Ingredients
jerky:
1 pound Lean bottom round or sirloin
2 Stalks fresh lemon grass
2 small Red chile peppers – seeded
2 1/2 tablespoons honey or agave nectar
1 tablespoon fish sauce
3 tablespoons soy sauce
salad:
1-2 firm green papaya
1 daikon radish
1 lotus root
1 carrot
2-3 tablespoons walnut or grape seed oil
2-3 tablespoons rice or palm vinegar (i also use lemon & lime)

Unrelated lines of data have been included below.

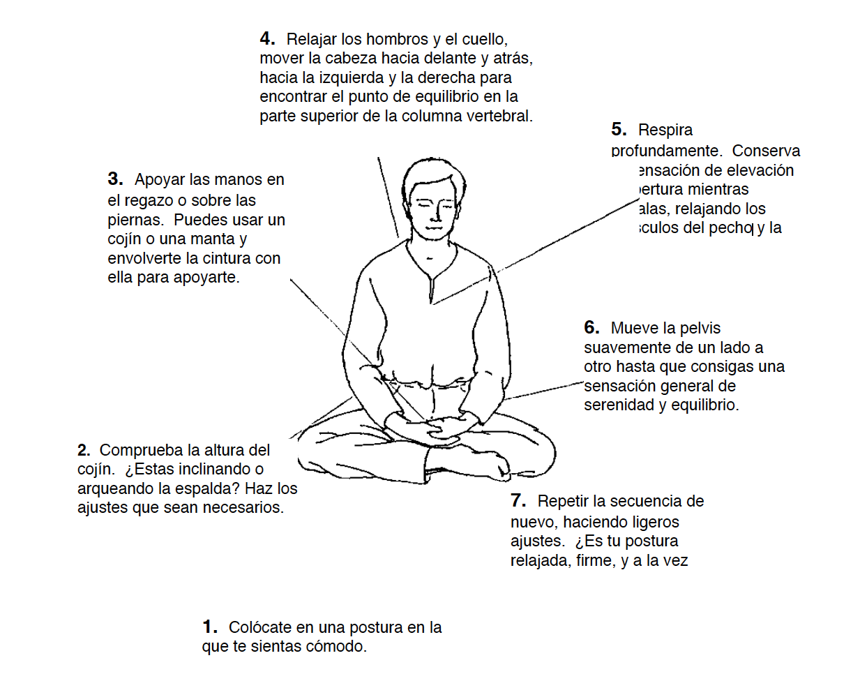 Con el paso de los días y la práctica de la meditación, fui aprendiendo a desapegarme de la mente, a “dominarla” desde la consciencia, a ser consciente de cuáles eran aquéllos pensamientos que se me dibujaban para decidir qué quería hacer con ellos. Para comenzar a trabajar este aspecto os recomiendo hacer un ejercicio práctico muy sencillo: contar de 20 a 0 con cada exhalación. Colócate en una postura cómoda. Aunque generalmente asociemos la meditación con la posición de loto, ésta no es imprescindible para meditar. Podemos meditar sentados, tumbados e incluso andando. Comparto con vosotros unas orientaciones para tener una postura correcta de meditación. Las imágenes son propiedad del Centro Budista Triratna de Valencia donde realicé un curso introductorio de mindfullnes y que recomiendo que visitéis.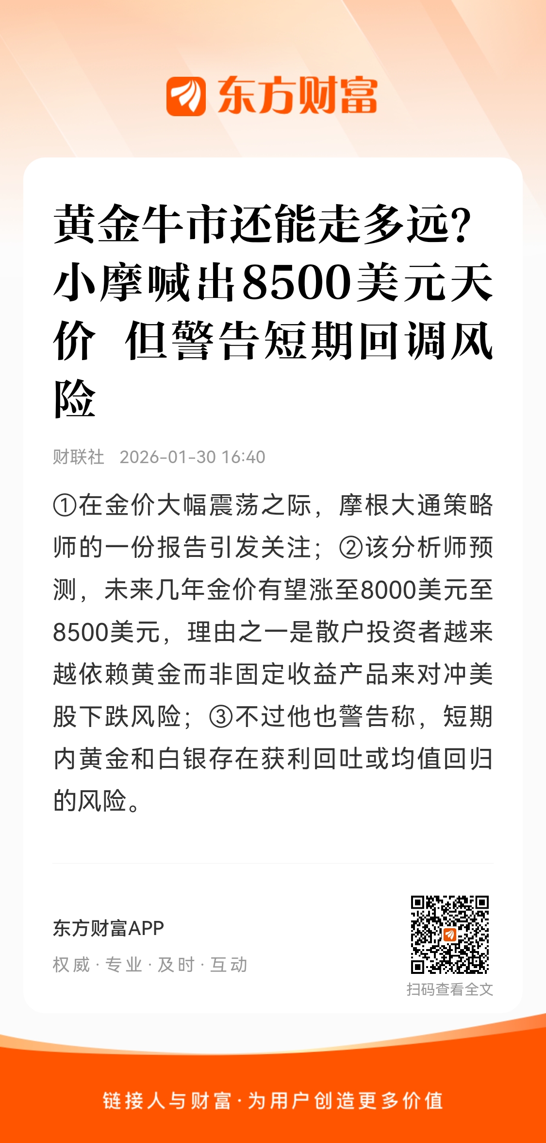 该分析师预测,未来几年金价有望涨至8000美元至8500美元,理由之一是散户投资者越来越依赖黄金而非固定收益产品来对冲美股下跌风险。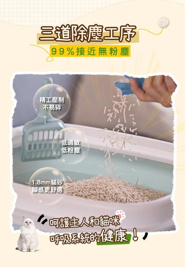 - 貓砂除臭新革命,珪藻土添加專利:經 SGS 檢測,24 小時長效消臭,保持空間清新健康。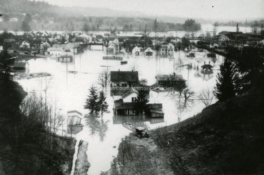Jan 1923 Flood in Oregon City. The view is from 14th Street Hill and Washington Street.Made/Created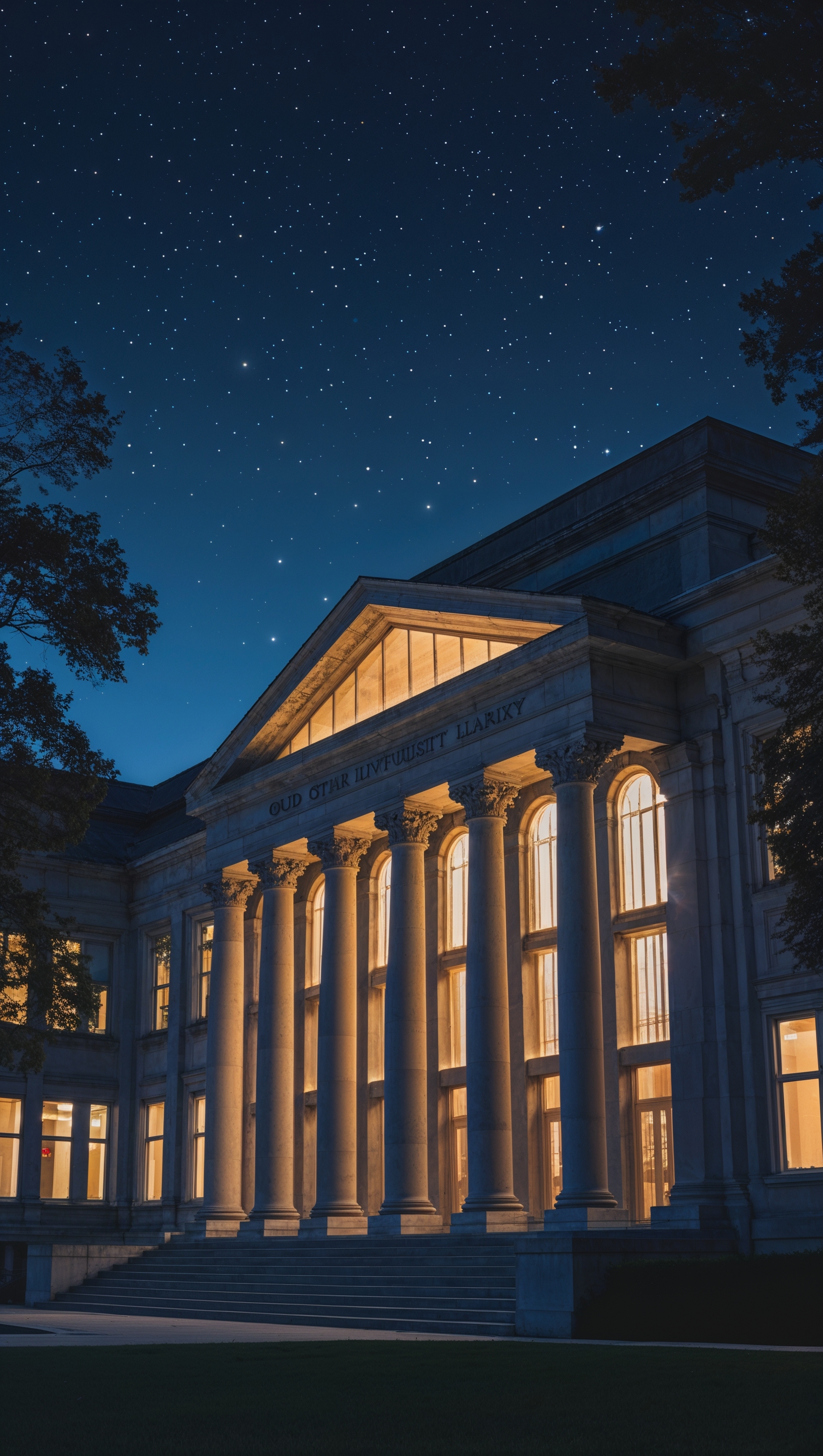 1664x2944 Ohio State University library at night with glowing windows, quiet mood, iPhone wallpaper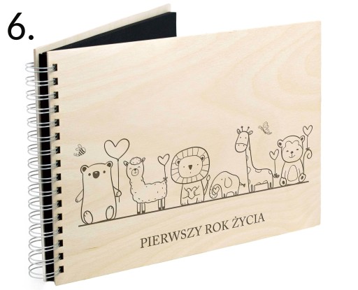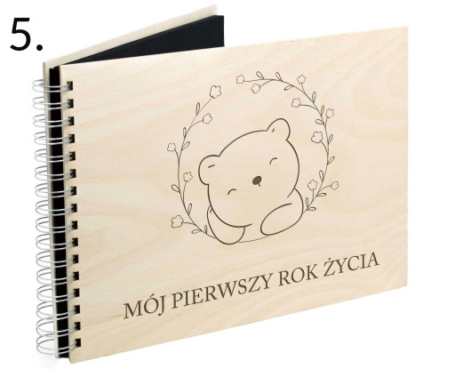 Pierwszy rok życia dziecka zamknięty w drewnianym albumie.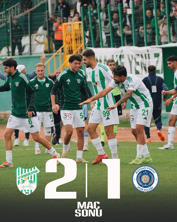 Ev sahibi takım olarak Mardin ekibi Mazıdağı Fosfat’ı konuk eden Bingölspor; sahadan 2/1’lik skorla galip gelmeyi başardı ve 4 hafta üst üste galibiyet serisi yakalamış oldu.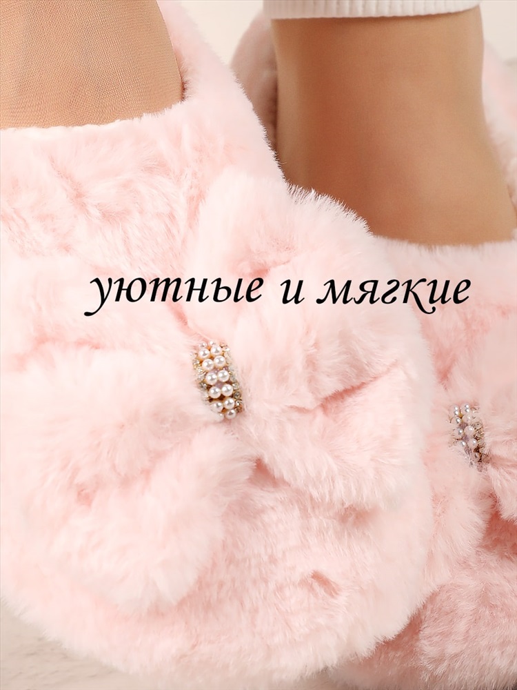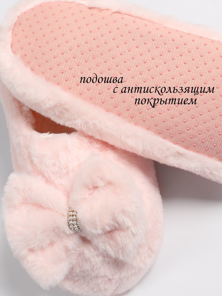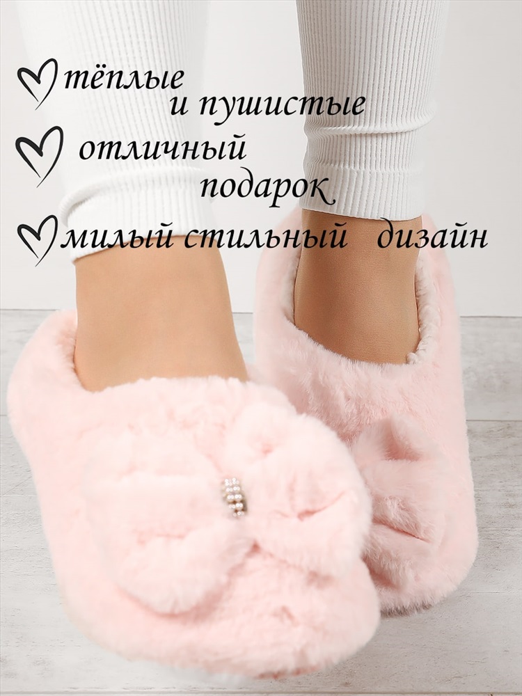Тёплые тапочки из искусственного меха на меховой подкладке, украшенные бантиком со стразами. Прекрасно согреют и подарят максимальный комфорт в холодное время года. Подошва с антискользящим покрытием.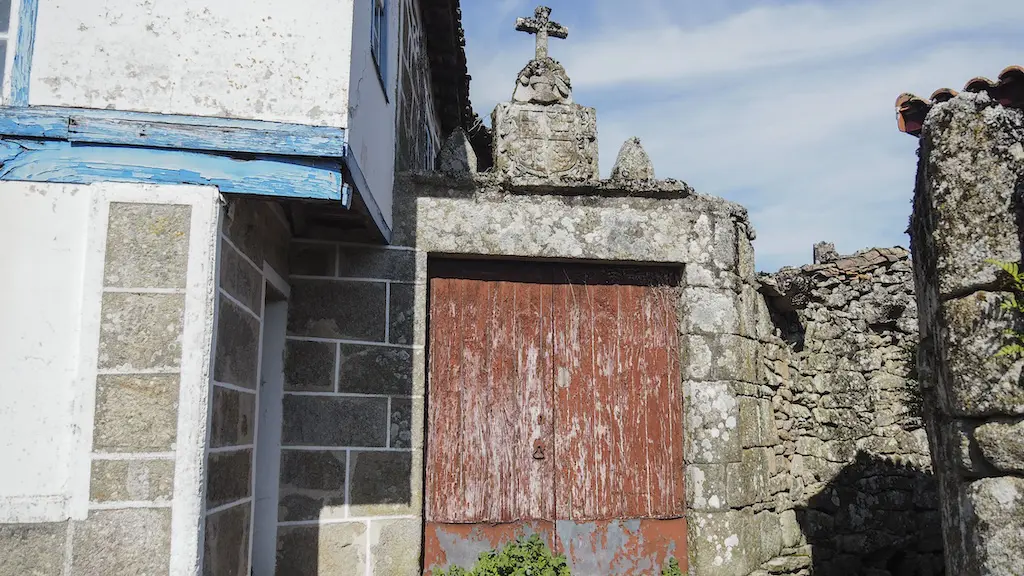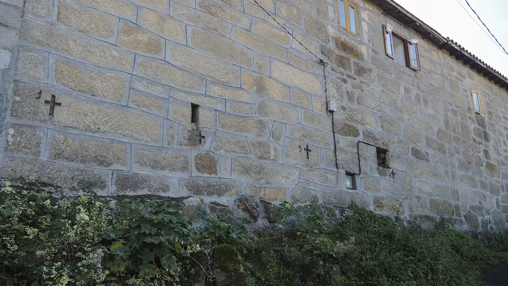 Logo desta forte subida, dirixímonos ata Os Casares, o núcleo máis grande dos tres polos que pasaremos, onde hai unha pequena concentración de hórreos e unha porta brasonada que chama a atención. Facemos unha parada para xantar antes de pasar por Areás, e continuamos a andaina en descenso por unha congostra estreita e profunda que nos deixa nun camiño encharcado antes de entrarmos na Lamela. Nesta última aldea chámanme moito a atención as inscricións de cruces numeradas gravadas nos muros dunha casa, a modo de Via Crucis (a verdade é que non cheguei a comprobar se había 14 estacións).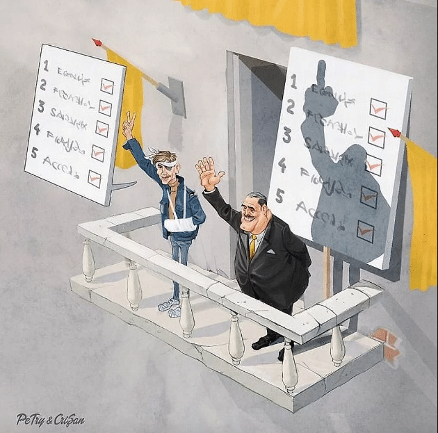 Os ilustradores romenos Horia Crisan e Bogdan Petry criaram ilustrações sarcásticas durante 30 anos, que refletem o mundo em que vivemos e que preferimos fingir que não existe.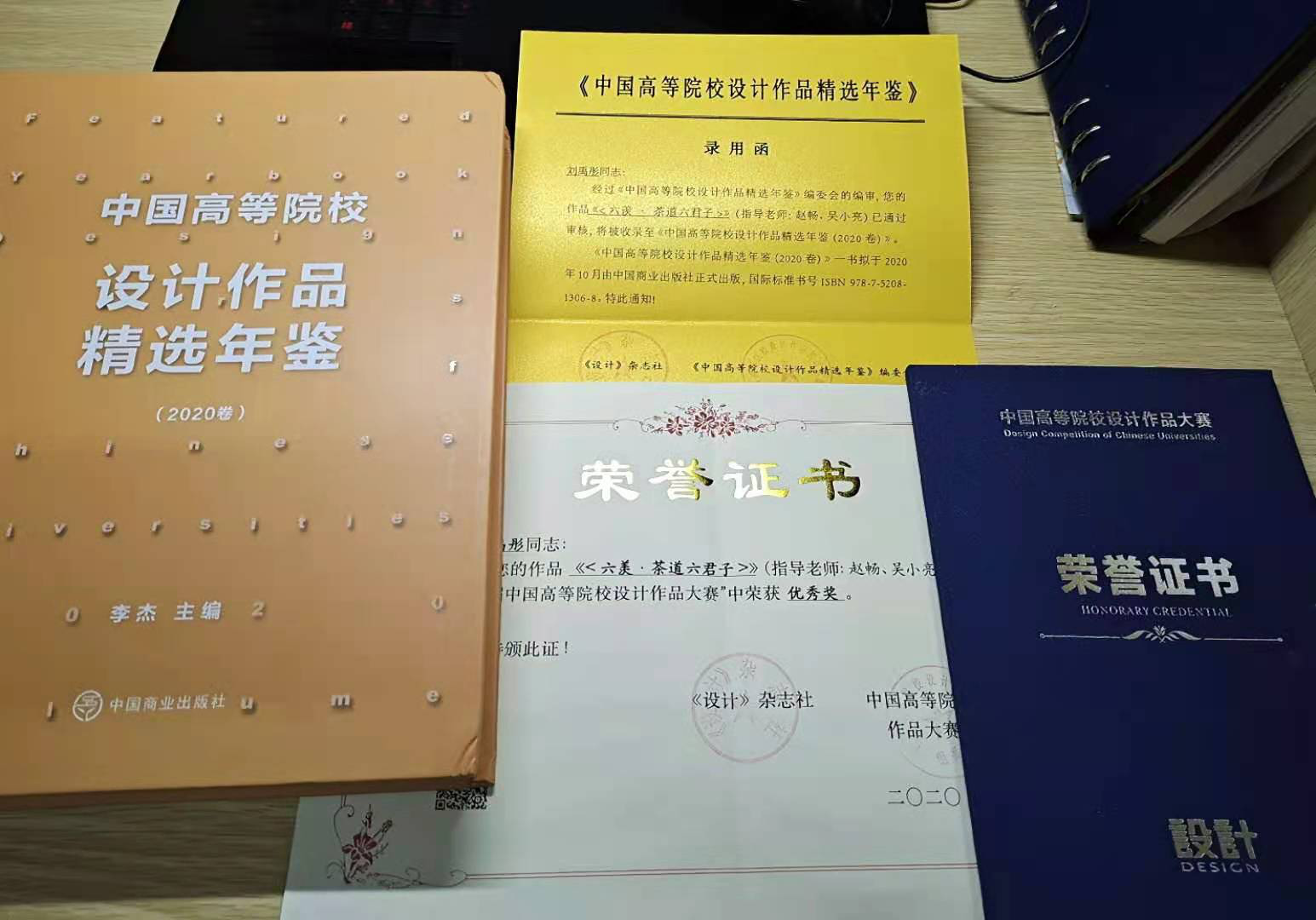 刘禹彤同学的作品《六羡·茶道六君子》荣获了中国高等院校设计作品大赛“优秀奖”,作品入选中国高等院校设计作品精选年鉴》。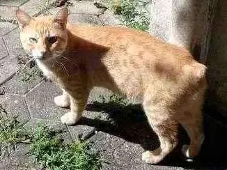O Rabito é um gato de pêlo curto amarelo tabby, macho, com cerca de 6 a 7 meses de idade, muito amigo dos humanos e de outros gatos, por isso presumo que tenha sido abandonado.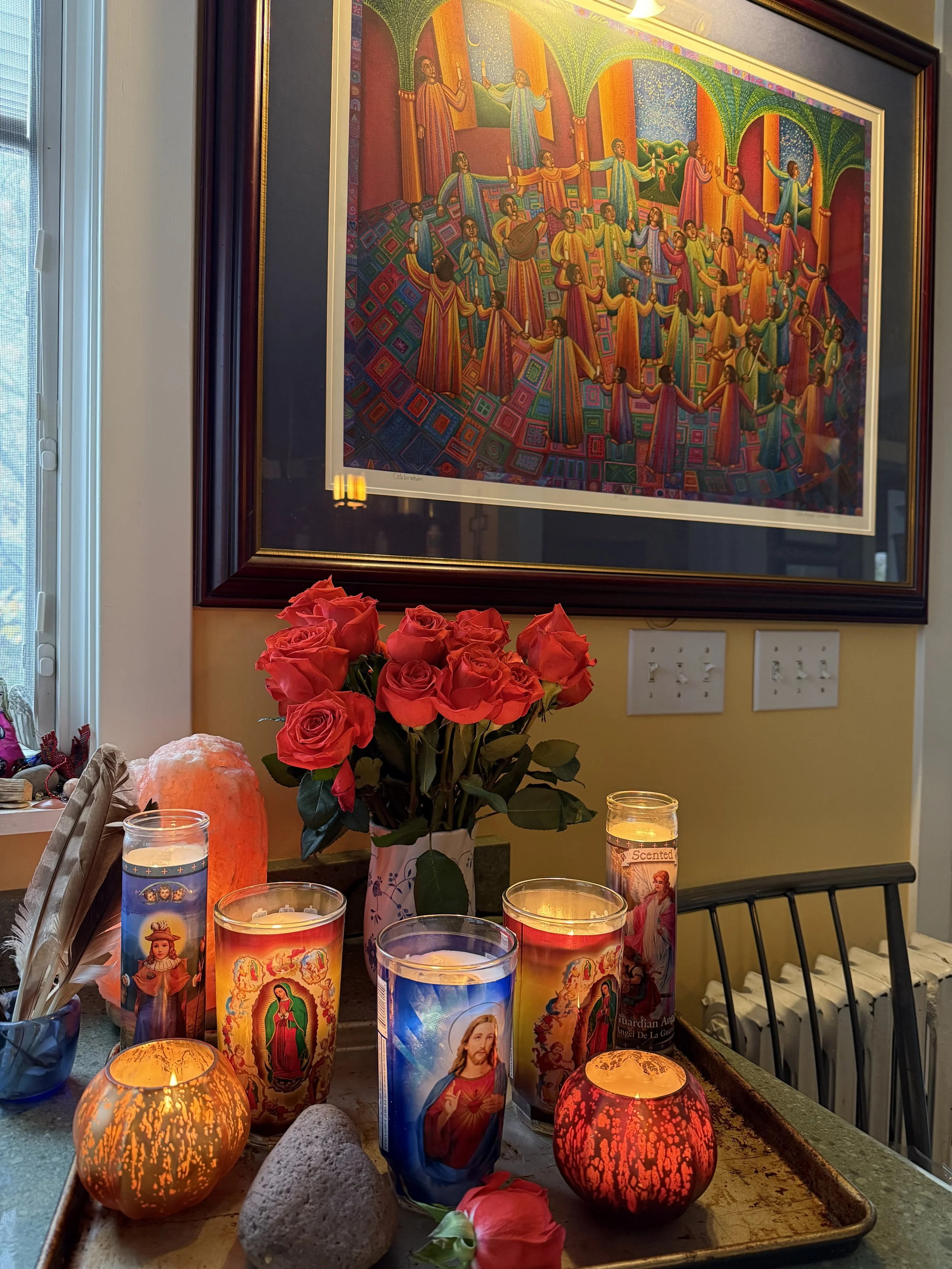 Tom and I recently set up an altar in our kitchen with candles and flowers as a prayer in support of particular values that are humanitarian, ecologically sound, American and most are reflective of President Abraham Lincoln as he lived his life and spoke his vision for the United States.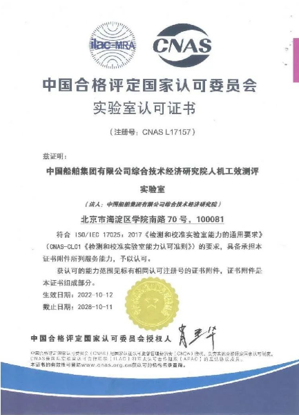 近日,中國船舶集團(tuán)旗下中船綜合院人機(jī)工效測評實驗室(以下簡稱“實驗室”)獲得中國合格評定國家認(rèn)可委員會(CNAS)實驗室認(rèn)可證書,成為國內(nèi)首家具備國家認(rèn)可人機(jī)工效測評能力的試驗機(jī)構(gòu)。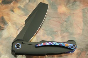 The 6Al-4V titanium handle features a blacked out Cerakote finish. A sturdy framelock provides a strong lockup. Night Fire rag Micarta is inlaid into the left scale. The backbar, pivot collar, and pocket clip are all made from Timascus titanium damascus. The pocket clip is mounted for right-side, tip-up carry.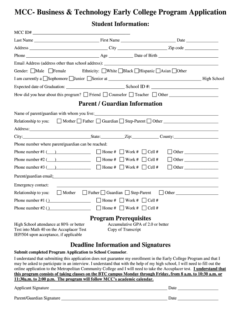 Get the free Early College Programs :: Metropolitan Community College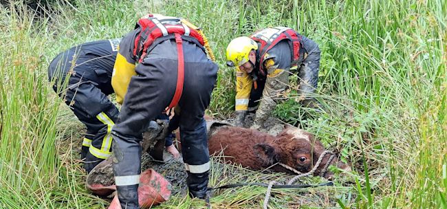 The bull became ѕtᴜсk in the mud and waterCredit: Bromyard fігe Station
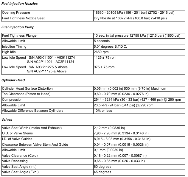BobCat E35 – ENGINE INFORMATION – Specifications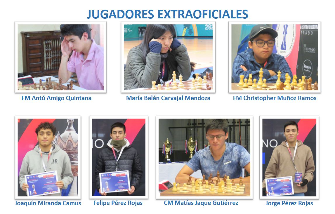 1er lugar: Tobías Passmore Bowman (Club de Ajedrez Cordillera) 2do lugar: Stjepan Antonio Vrsalovic Acuña (Instituto Level Up) 3er lugar: Priyank Ganguly Ganguly (Club de Ajedrez Ñuñoa) 4to lugar: Oscar Santiago Gacitúa Espinoza (Area V) 5to lugar: Aaron Pizarro Rozas (Club Academia de Ajedrez Siete Hojas) |

2-3 teaspoons agave nectar or honey
Preparation
Cut the beef across the grain into very thin 3 by 3 inch slices. Using fresh lemon grass, discard the outer leaves. Cut into thin slices and finely chop. Combine the chiles and sugar in a processor or mortar and pestle and pound to a fine paste. Add the chopped lemon grass, fish sauce and soy sauce and stir to blend. (use a processor if possible, to a very fine paste. Spread the paste over the beef pieces to coat both sides. Let marinate for about 45 minutes. Spread out each slice of marinated beef on a large, flat wire rack or baking sheet and bake in a preheated 400F oven - about 10 minutes.
salad prep: slice food on a mandolin using a Julienne blade.
toss with dressing mix. top with fine slices of jerky and serve with fresh mint or basil.